Chaque université a un certain nombre de bourses à donner chaque année pour recruter les joueurs de high school (lycée, collège, gymnase selon d’où vous venez). C’est là que commence le concours de beauté ! Les universités les plus prestigieuses prennent généralement les joueurs les plus prisés de par leur histoire.

Les joueurs de high school sont suivis de très près et catégorisés comme étant des recrue de 1 à 5 étoiles. Ils vont ensuite visiter les universités qui leur proposent une bourse et signent une lettre d’intention à celle qu’ils souhaitent rejoindre.

La carrière universitaire

Il existe quatre années bien distinctes en Football universitaire (NCAA) : Freshman (1re), Sophomore (2e), Junior (3e), Senior (4e).
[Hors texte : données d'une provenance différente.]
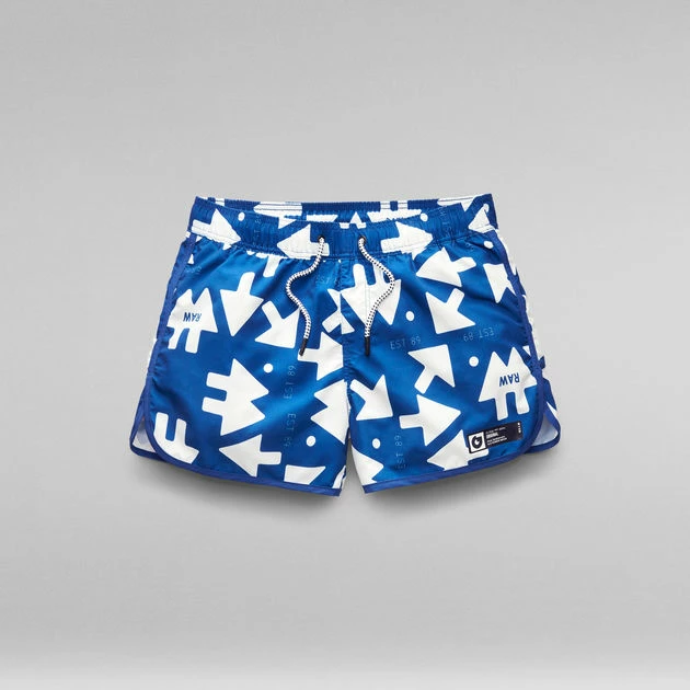 These Carnic RAW swim shorts show an allover graphic print. Offering an elastic waistband with an incorporated drawcord. The rounded hem gives small slits at the sides and is finished with a binding. A woven label is placed at the front leg, while the back shows a slim welt pocket. Inside, a mesh lining adds support.

Comme tout le monde s’en doute, il y a une petite vacherie qui vient compliquer un peu le tableau. Imaginons qu’un joueur soit assez peu utilisé ou blessé tôt dans la saison (utilisé sur moins de 4 matches en gros), il peut utiliser ce qu’on appelle le Redshirt. En d’autres termes, il ne brûle pas une année d’éligibilité à l’université. On peut donc avoir des Redshirt Seniors qui ont donc passé 5 ans à l’université au lieu de 4 (voire plus, cette année Cameron Rising est dans sa 7e année universitaire, mais pas la peine de chercher à comprendre… Il y a eu une année de plus d’éligibilité donnée pendant le covid et pour piger le reste il faut un doctorat).
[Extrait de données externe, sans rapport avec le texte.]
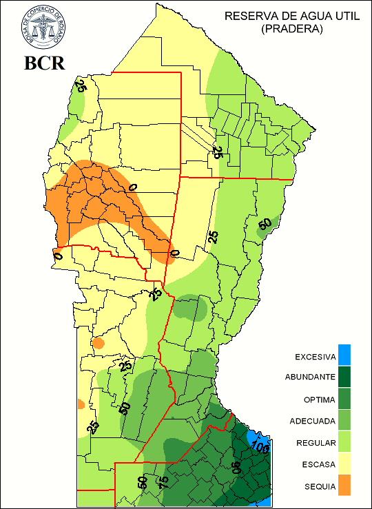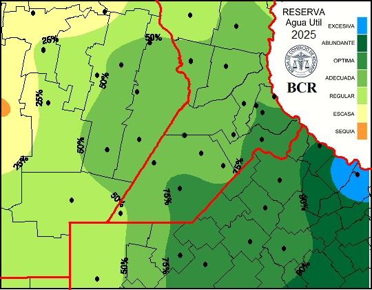 Como resultado de esta alternancia de corrientes de aire y la presencia de un ambiente saturado de humedad, las reservas de agua se mantienen de buenas a muy buenas sobre la mayor parte de la región pampeana. Se sigue marcando el contraste entre la franja este, mucho mejor provista, y la oeste con niveles de escasez y sequía. Esta condición se profundiza hacia el NOA que actualmente esta transitando su estación seca.

Autre particularité particulièrement particulière, un joueur universitaire doit en principe avoir validé au moins 3 ans en NCAA pour être éligible à jouer en NFL. Il peut donc déclarer sa disponibilité à la Draft NFL en tant que Junior ou Redshirt Sophomore (deux années de jeu et une Redshirt).

La Draft

Une fois les joueurs déclarés à la Draft, autour du 15 janvier de chaque année, la couverture télé aux États-Unis s’intéresse assez vite à eux. Réellement, dès que le Super Bowl est terminé, mi-février, on ne parle presque plus de ça sur les chaînes sportives américaines jusqu’à la date fatidique fin avril.
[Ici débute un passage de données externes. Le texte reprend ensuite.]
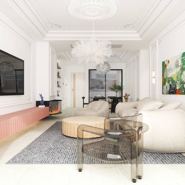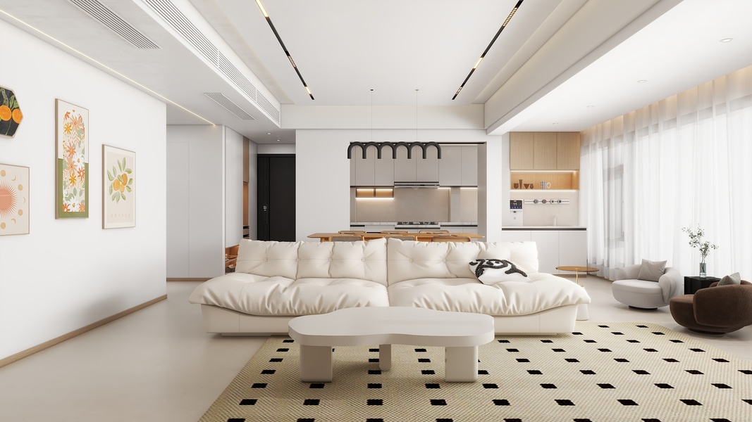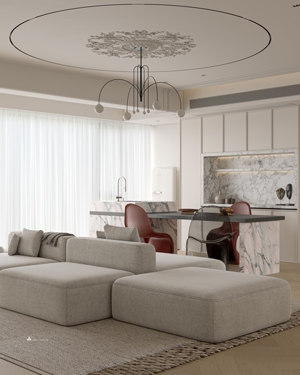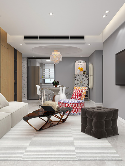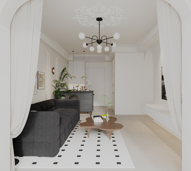 简约法式风格客餐厅效果图设计

Mais la Draft, c’est quoi en fait ? Les Québécois appellent ça le repêchage. En gros, les franchises NFL sélectionnent les meilleurs joueurs universitaires. La plus mauvaise équipe choisit en premier, la meilleure en dernier. Il y a 7 tours où les équipes sélectionnent pendant trois jours un total d’environ 250 joueurs. Alors non, 7 élus par équipe fois 32 équipes, ça ne fait pas 250, mais il existe des choix compensatoires, qui sont donnés aux équipes qui ont perdus le plus d’éléments importants. Constat, dans les ligues fermées des États-Unis, tout est fait pour que le classement se rééquilibre chaque année. Il faut quand même se rendre compte d’une chose, c’est que lorsqu’une franchise choisit un joueur, elle ne le connaît pas vraiment. Oui, elle regarde tous ses matches universitaires, elle l’interviewe, elle peut assister à quelques entrainements, mais on est très loin du concept de centre de formation qu’on peut avoir dans les clubs de « fôte » en Europe.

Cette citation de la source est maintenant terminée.